Background information
- Also known as: Tony Cost, Nik Venet
- Born: Nikolas Kostantinos Venetoulis December 3, 1936 Baltimore, Maryland, U.S.
- Died: January 2, 1998 (aged 61) East Los Angeles, California, U.S.
- Occupation: Record producer
- Years active: 1955–1998
- Labels: Capitol, Dot

= Nick Venet =

American record producer (1936–1998)

Nick Venet (born Nikolas Kostantinos Venetoulis, December 3, 1936 – January 2, 1998) was an American record producer, who began his career at age 19 with World Pacific Jazz. He is best known for signing The Beach Boys to Capitol Records and producing the band's earlier material including the song "Surfin' Safari". Brian Wilson credited Venet with helping him learn the craft of production.

==Career==

Mentored by Lee Gillette, John Hammond, and Richard Bock, he worked with such musicians as Chet Baker, Lord Buckley, Nat "King" Cole, Stan Getz, Chico Hamilton, Stan Kenton, Lambert, Hendricks, and Ross, Peggy Lee, Gerry Mulligan, Ravi Shankar, and Kay Starr. In his early twenties, he joined Capitol Records. As well as being a producer, he was head of A&R at Capitol. He also did some producing with Randy Wood at Dot Records in the mid-1960s.

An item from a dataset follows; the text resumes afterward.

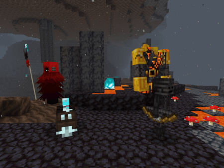 When exploring, do be wary of the new and updated mobs to be found in the Nether, as many of them are't friendly. Shroomlight Bugs and Pests inhabit the two forest biomes and are neutral, but Pests will become aggressive if they spot you taking any Corrupted Melon since they like it so be careful around them! You can collect some Melted Shroomlight by using a bottle on the bugs, and drink that to clear the Wither effect or brew potions with it, whereas Pests may drop glands that can be used for crafting. The forests also inhabit Wart Crushers, hostile amalgamations of warts and fungus that will attack you on sight; proceed with caution through these biomes. Other hostile mobs include Soul Scuttles found in Soulsand Valleys, Necromancers which only spawn in the Soul Towers structure in the Soulsand Valley and the Basalt Giant, a powerful monolith of basalt and magma that resides in the deltas biome. If all that wasn't bad enough, Wither Skeletons can now sometimes spawn with a bow and shoot withering arrows at you!

Venet produced a number of important Capitol clients, including Ray Anthony, The Buddies, Glen Campbell, Cashman, Pistilli, and West, Jim Croce, Ingrid Croce, King Curtis, Karen Dalton, Bobby Darin, The Four Preps, George Gerdes, Jimmie Haskell, Hearts & Flowers with Bernie Leadon, Hedge and Donna, The Hondells, The Honeys, The Kingston Trio, The Leaves, the Lettermen, Lothar and the Hand People, Mad River, Maffit & Davies, Ian Matthews and Matthews Southern Comfort, Onzie Matthews, Les McCann, Fred Neil, Vince Martin, Ricky Nelson, Dinsmore Payne, Lou Rawls, Billy Lee Riley, Murray Roman, Linda Ronstadt, Jack Scott, Maxine Sellers, Serendipity Singers, John Stewart, the Stone Poneys, Allan Taylor, Guthrie Thomas, The Vettes, Wendy Waldman, The Walker Brothers, Sammy Walker, and Timi Yuro.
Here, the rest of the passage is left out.